第三十八章:剪纸显形
通玄子攥着那柄掉漆的桃木剑,在任家镇的主街上疯跑。道袍下摆被风吹得翻卷,露出里面打补丁的粗布短褂,剑身上的金漆一路掉,木屑撒在青石板路上,像一道狼狈的痕迹。他不敢回头,耳边全是镇民的哄笑声——那些笑声比耳光还疼,让他耳根发烫,连呼吸都带着急促的喘息。
“看!就是那个涂面粉的假道士!”
“他的桃木剑都掉漆了,还跑这么快,是怕林先生再剪张纸照他吧!”
“别让他跑了,把他骗的钱要回来!”
议论声像针一样扎在通玄子心上,他把头埋得更低,混元巾歪在脑后,三缕沾着饭粒的胡子被风吹得乱晃。
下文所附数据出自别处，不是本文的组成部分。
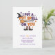 Featuring a witch’s broom, black cat, and glowing pumpkin, this invitation sets the stage for a magical and mysterious Halloween night.
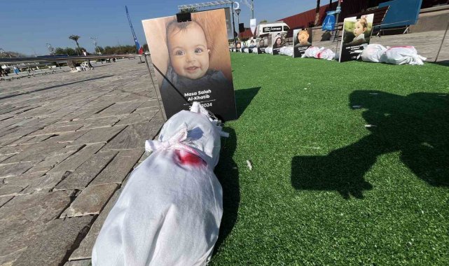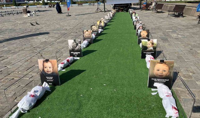 Etkinlikte, Gazze'deki katliama ve soykırıma dikkat çekmek amacıyla hazırlanan "Küçük Kefenler Sergisi" büyük ilgi görüyor. Görevli Aynur Önen, serginin amacını şu sözlerle dile getirdi:
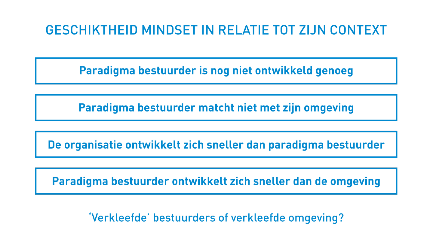 De vraag is dan ook in welke mate is de bestuurder verkleefd aan zijn paradigma en is zijn mindset dus geschikt in relatie to zijn context of is ingrijpen nodig?
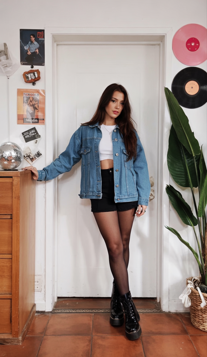 This outfit feels like a love letter to teenage bedrooms, complete with vinyl on the wall and a disco ball in the corner. A classic denim jacket, cropped white tank, black shorts, and sheer tights give strong 2000s street styles while still feeling very now. Chunky platform sandals or boots anchor the look in that edgy, almost Gothic territory, but the clean white top keeps it fresh. It’s the perfect mix of nostalgic and grown-up, like slipping back into your favorite playlist—but with better tailoring.
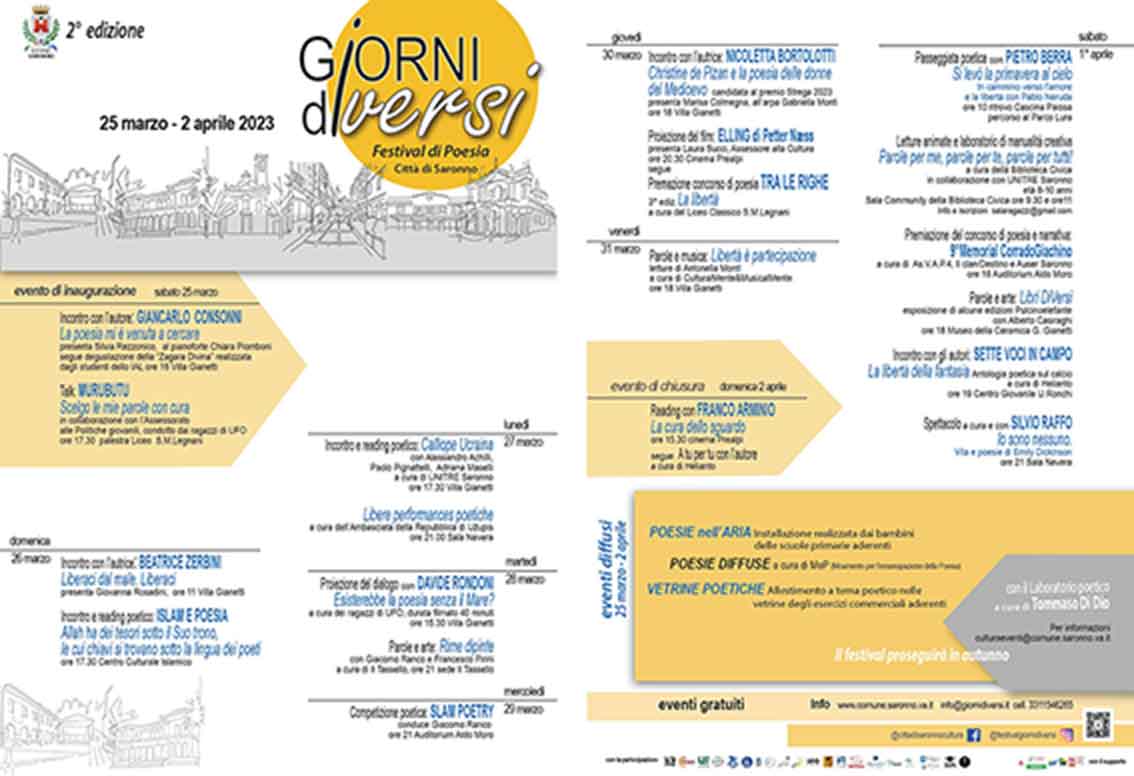 Il verso della poetessa Gaspara Stampa (XVI secolo) rappresenta il tema della seconda edizione del festival di poesia Giorni diVersi.
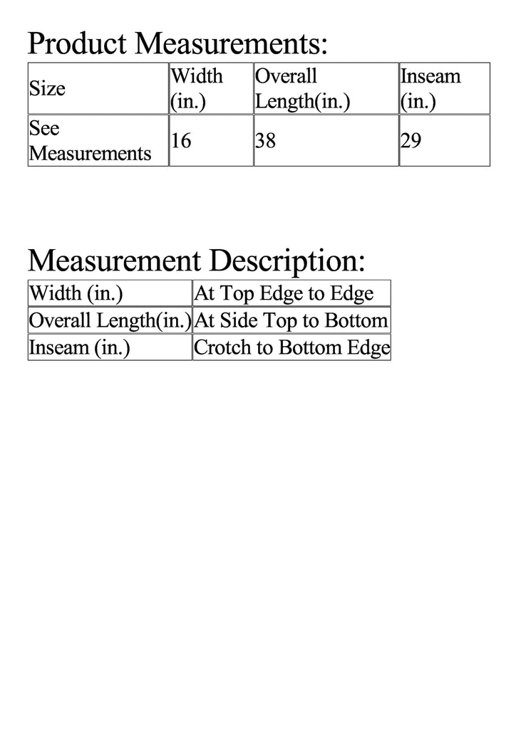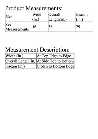| Size | Width (in.) | Overall Length(in.) | Inseam (in.) |
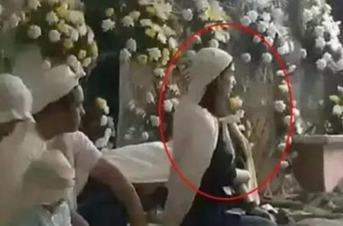 在葬礼上黄圣依披麻戴孝的跪在灵堂上
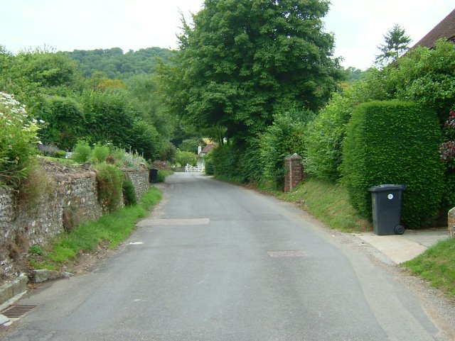 The Street, Graffham, Ladywell Cottage ahead & Church Hill to left.
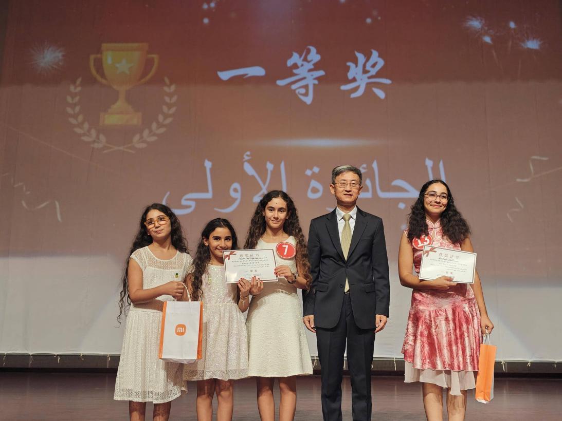中國(guó)駐突尼斯大使萬(wàn)黎為一等獎(jiǎng)獲得者頒獎(jiǎng)。迦太基大學(xué)孔院供圖

路过巷口的早点摊时,他差点撞翻张婆的豆腐板,张婆叉着腰骂:“你这道士,慌慌张张的,赶着去投胎啊!”他却连道歉都不敢,只顾着往镇口的方向冲——只要出了镇,往山里一躲,任家镇的人就找不到他了。
可刚跑到镇中心的老槐树下,两道身影突然横在他面前,挡住了去路。“站住!跑什么呢?”声音洪亮,带着不容置疑的威严,像惊雷一样炸在通玄子耳边。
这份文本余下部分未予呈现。